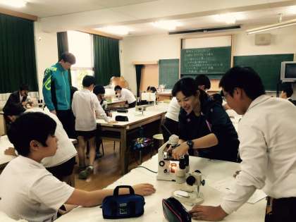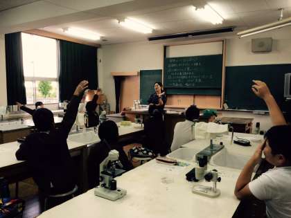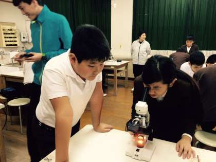 今年は、理科の実験をしました。この写真は、ミジンコを顕微鏡で観察しているところです。
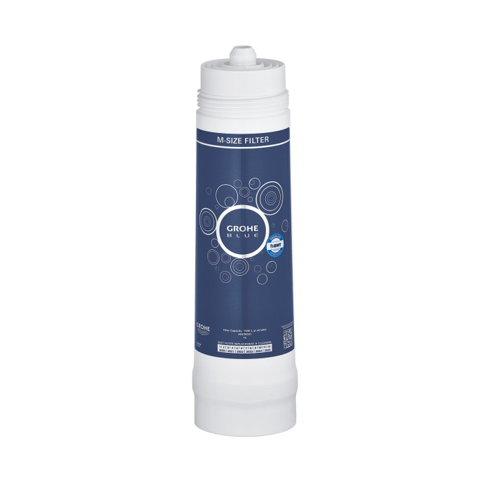 Для систем Grohe Blue випускаються фільтри трьох типів з різним ресурсом фільтрації, що дозволяє підібрати рішення для отримання ідеальної води з водопровідної води різного ступеня жорсткості. Кожен фільтр Grohe Blue використовує багатоступеневий процес фільтрації для очищення водопровідної води та покращення її смаку. На етапі фільтрації з активованим вугіллям відбувається видалення хлору, потім високопродуктивний іонообмінник затримує сполуки вапна та металів. В результаті Ви отримуєте очищену питну воду з неповторним смаком.
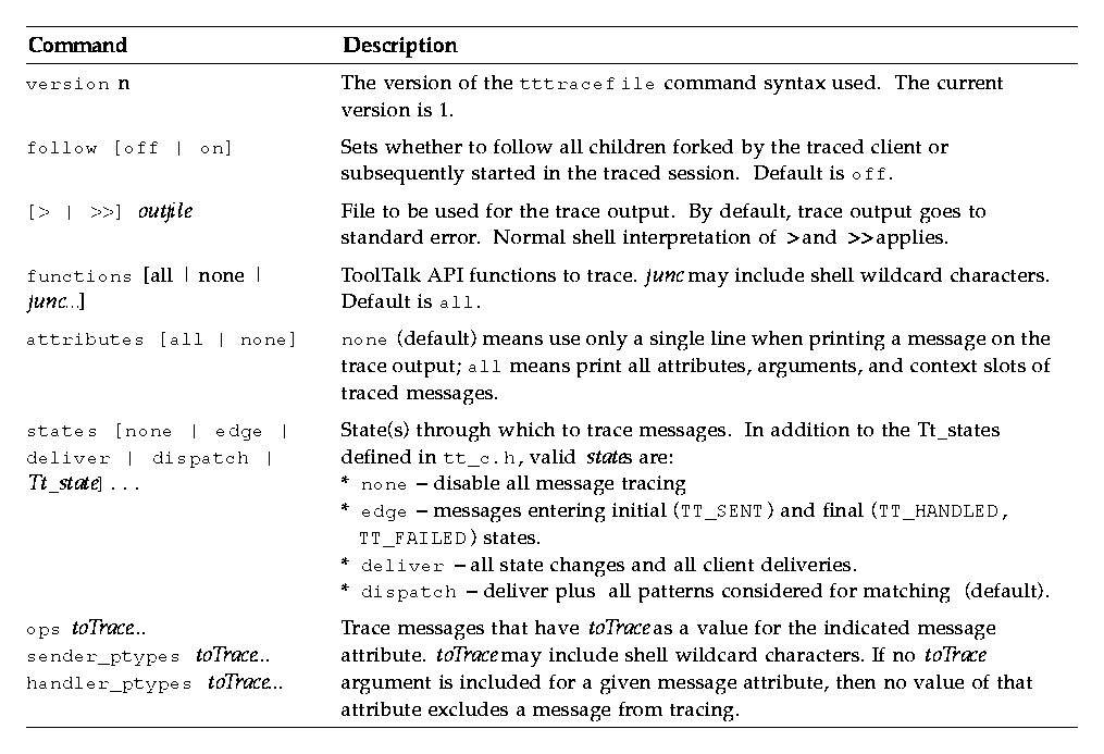 Table 4-3 describes the tttrace options.

-------------------------

** Activity **
Without including the pictures, copy all of the data exactly.

** Task answer **
 今年は、理科の実験をしました。この写真は、ミジンコを顕微鏡で観察しているところです。
 Для систем Grohe Blue випускаються фільтри трьох типів з різним ресурсом фільтрації, що дозволяє підібрати рішення для отримання ідеальної води з водопровідної води різного ступеня жорсткості. Кожен фільтр Grohe Blue використовує багатоступеневий процес фільтрації для очищення водопровідної води та покращення її смаку. На етапі фільтрації з активованим вугіллям відбувається видалення хлору, потім високопродуктивний іонообмінник затримує сполуки вапна та металів. В результаті Ви отримуєте очищену питну воду з неповторним смаком.
 Table 4-3 describes the tttrace options.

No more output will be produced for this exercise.